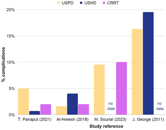 Representation of the occurrence rates of complications in USPD, USHD, and CRRT in AKI. Chart based on the data in Table 3, including studies with sufficient information. The chart is constructed using data obtained from Table 3, which includes studies providing sufficient information [35,42,77,86].
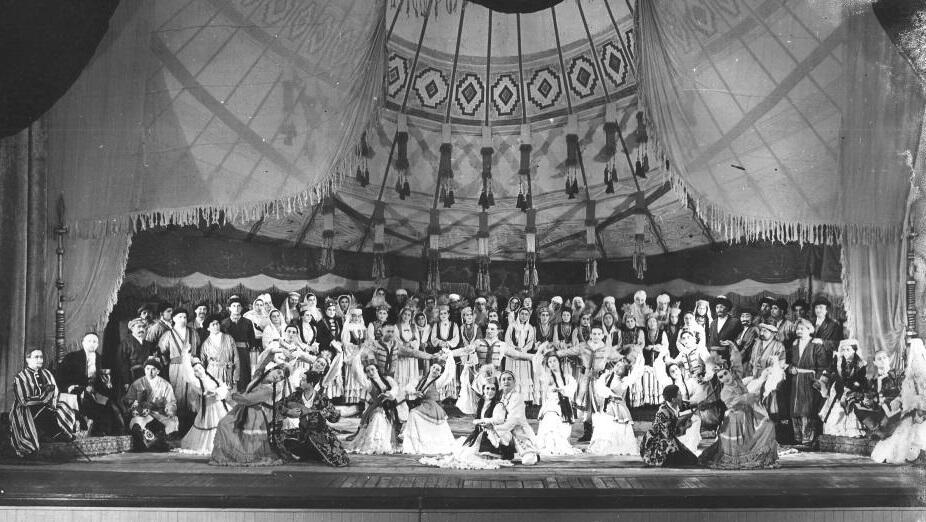 Первым композитором театра стал Е. Брусиловский, на чьем счету знаменитые оперы «Кыз-Жибек», «Ер-Таргын», «Жалбыр» и др. На сцене театра помимо казахских спектаклей («Абай», «Биржан и Сара», «Дударай», «Камар-сулу», «Алпамыс» и др.) ставились и прославленные пьесы русских и зарубежных классиков, в том числе и на казахском языке. Среди них «Фауст», «Пиковая дама», «Аида», «Евгений Онегин». Партии для этих произведений специально переводились на государственный язык. А театральную труппу составляли легендарные артисты того времени.
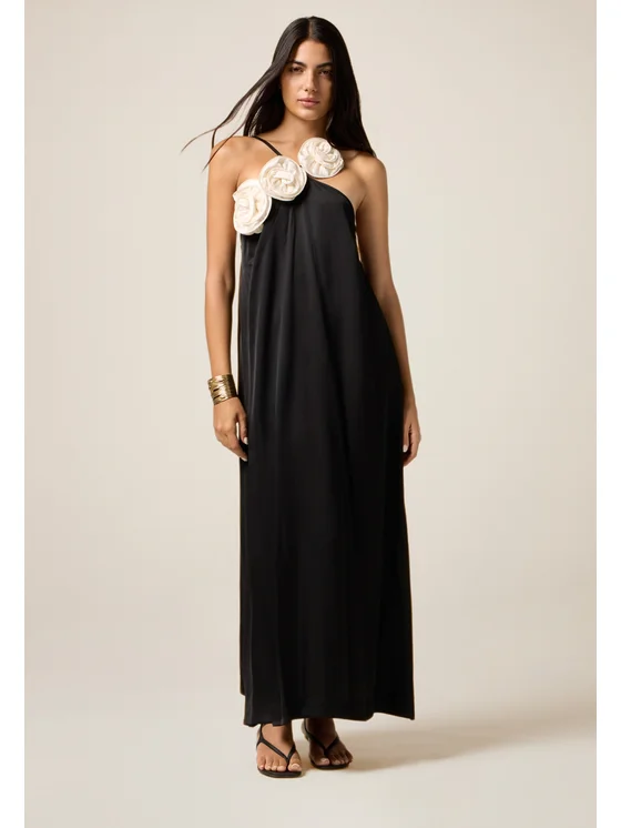 Vestito lungo realizzato in raso di viscosa; dettaglio di applicazioni floreali tridimensionali a contrasto colore; scollatura asimmetrica con un'unica spallina; MADE IN ITALY.
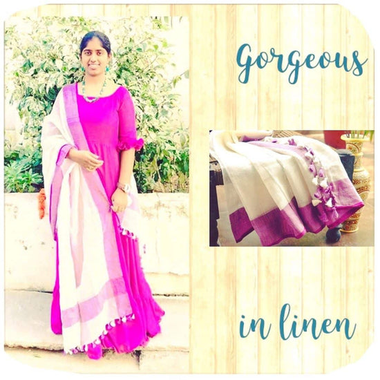 Purchased a white lavendar linen dupatta. It looked fantastic and the material is nice. Would love to shop with them again.
※
◆ **Task requirements**:
Pictures aside, return all of the material exactly as written.

◆ **Task output**:
 Representation of the occurrence rates of complications in USPD, USHD, and CRRT in AKI. Chart based on the data in Table 3, including studies with sufficient information. The chart is constructed using data obtained from Table 3, which includes studies providing sufficient information [35,42,77,86].
 Первым композитором театра стал Е. Брусиловский, на чьем счету знаменитые оперы «Кыз-Жибек», «Ер-Таргын», «Жалбыр» и др. На сцене театра помимо казахских спектаклей («Абай», «Биржан и Сара», «Дударай», «Камар-сулу», «Алпамыс» и др.) ставились и прославленные пьесы русских и зарубежных классиков, в том числе и на казахском языке. Среди них «Фауст», «Пиковая дама», «Аида», «Евгений Онегин». Партии для этих произведений специально переводились на государственный язык. А театральную труппу составляли легендарные артисты того времени.
 Vestito lungo realizzato in raso di viscosa; dettaglio di applicazioni floreali tridimensionali a contrasto colore; scollatura asimmetrica con un'unica spallina; MADE IN ITALY.
 Purchased a white lavendar linen dupatta. It looked fantastic and the material is nice. Would love to shop with them again.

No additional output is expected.